GIVEN INFORMATION
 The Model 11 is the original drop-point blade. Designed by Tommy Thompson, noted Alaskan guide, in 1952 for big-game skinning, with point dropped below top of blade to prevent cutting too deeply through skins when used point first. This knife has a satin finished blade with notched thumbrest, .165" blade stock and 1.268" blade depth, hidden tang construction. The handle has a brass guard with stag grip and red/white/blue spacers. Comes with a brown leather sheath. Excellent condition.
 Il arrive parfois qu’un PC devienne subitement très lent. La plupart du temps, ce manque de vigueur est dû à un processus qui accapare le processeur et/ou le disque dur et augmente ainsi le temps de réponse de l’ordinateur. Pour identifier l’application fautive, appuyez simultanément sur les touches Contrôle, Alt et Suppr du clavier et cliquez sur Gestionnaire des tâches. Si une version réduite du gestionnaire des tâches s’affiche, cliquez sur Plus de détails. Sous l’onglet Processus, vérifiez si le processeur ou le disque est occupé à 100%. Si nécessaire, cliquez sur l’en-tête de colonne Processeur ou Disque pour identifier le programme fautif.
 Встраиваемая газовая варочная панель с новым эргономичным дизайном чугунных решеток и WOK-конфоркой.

...

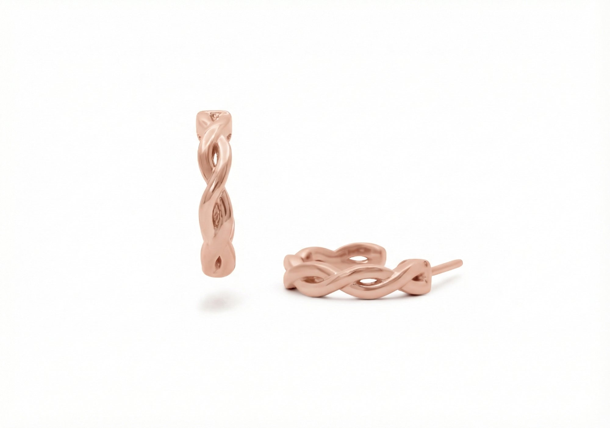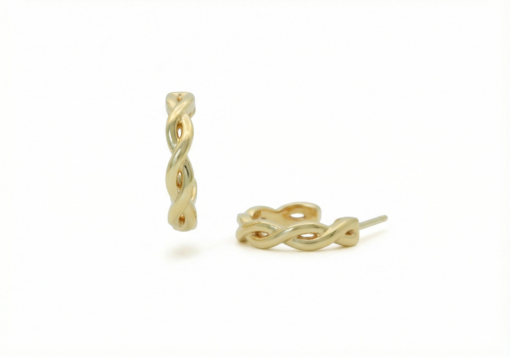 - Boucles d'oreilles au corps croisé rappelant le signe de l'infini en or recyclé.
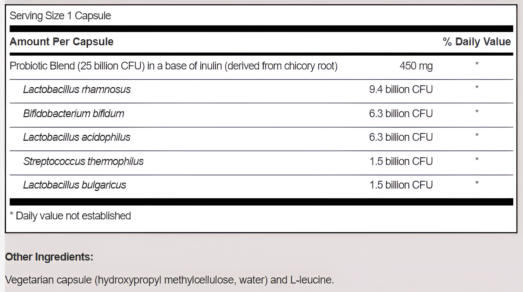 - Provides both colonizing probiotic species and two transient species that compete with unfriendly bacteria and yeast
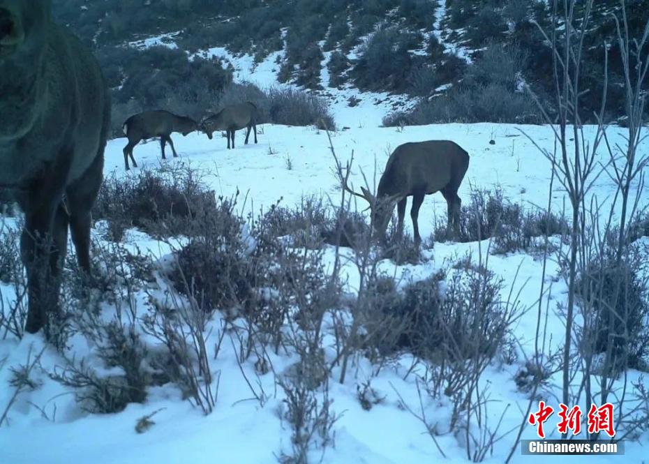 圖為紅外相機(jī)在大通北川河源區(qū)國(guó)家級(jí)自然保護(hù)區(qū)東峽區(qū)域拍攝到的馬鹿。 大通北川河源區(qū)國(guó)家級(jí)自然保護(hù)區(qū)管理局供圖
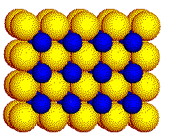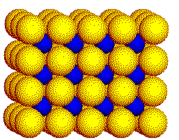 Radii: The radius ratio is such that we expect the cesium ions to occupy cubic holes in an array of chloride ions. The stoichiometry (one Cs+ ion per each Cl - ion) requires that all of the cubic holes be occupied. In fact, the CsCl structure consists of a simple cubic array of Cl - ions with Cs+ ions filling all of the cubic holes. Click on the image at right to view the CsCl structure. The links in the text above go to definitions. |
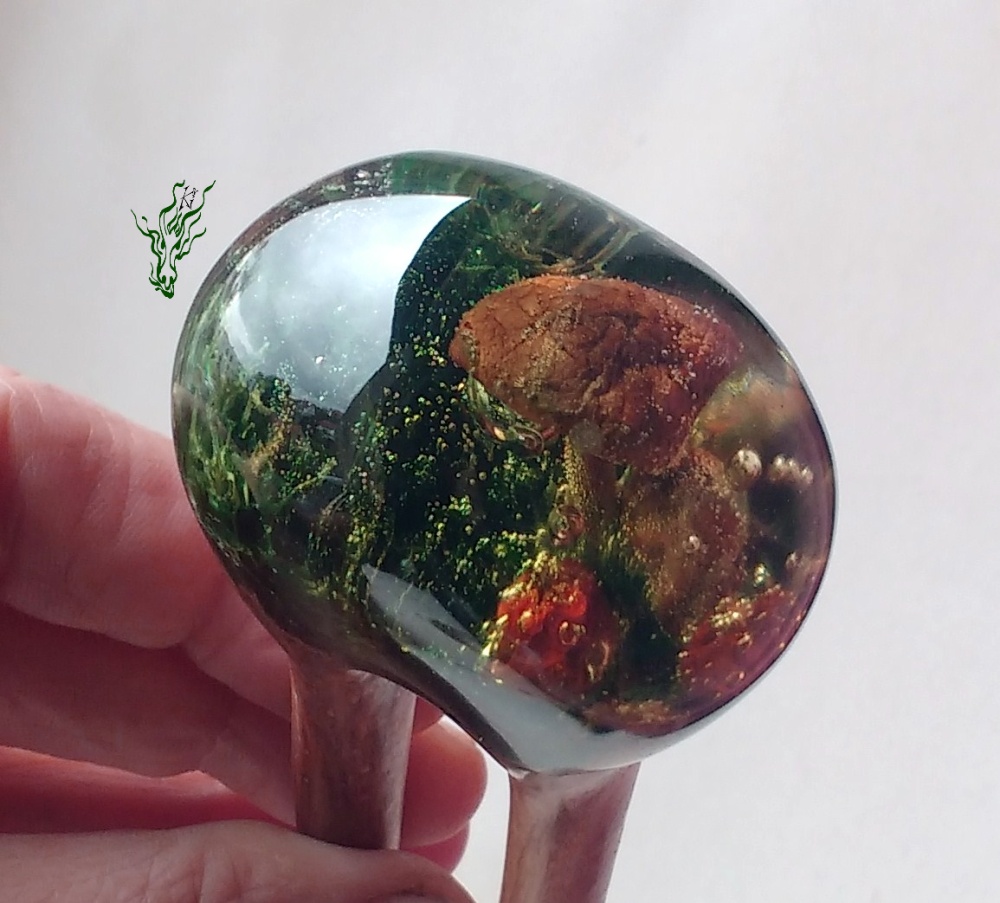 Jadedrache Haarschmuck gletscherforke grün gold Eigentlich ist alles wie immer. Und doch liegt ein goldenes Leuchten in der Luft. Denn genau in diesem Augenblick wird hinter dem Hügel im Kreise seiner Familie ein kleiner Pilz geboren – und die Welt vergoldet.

YOUR ASSIGNMENT
A clean copy is needed of the lines in the listing above from the one with "圖為紅外相機(jī)在大通北" through the one with "Jadedrache Haarschmuck gletscherforke", exact in every word and free of pictures.

EXPECTED OUTPUT
 圖為紅外相機(jī)在大通北川河源區(qū)國(guó)家級(jí)自然保護(hù)區(qū)東峽區(qū)域拍攝到的馬鹿。 大通北川河源區(qū)國(guó)家級(jí)自然保護(hù)區(qū)管理局供圖
 Radii: The radius ratio is such that we expect the cesium ions to occupy cubic holes in an array of chloride ions. The stoichiometry (one Cs+ ion per each Cl - ion) requires that all of the cubic holes be occupied. In fact, the CsCl structure consists of a simple cubic array of Cl - ions with Cs+ ions filling all of the cubic holes. Click on the image at right to view the CsCl structure. The links in the text above go to definitions. |
 Jadedrache Haarschmuck gletscherforke grün gold Eigentlich ist alles wie immer. Und doch liegt ein goldenes Leuchten in der Luft. Denn genau in diesem Augenblick wird hinter dem Hügel im Kreise seiner Familie ein kleiner Pilz geboren – und die Welt vergoldet.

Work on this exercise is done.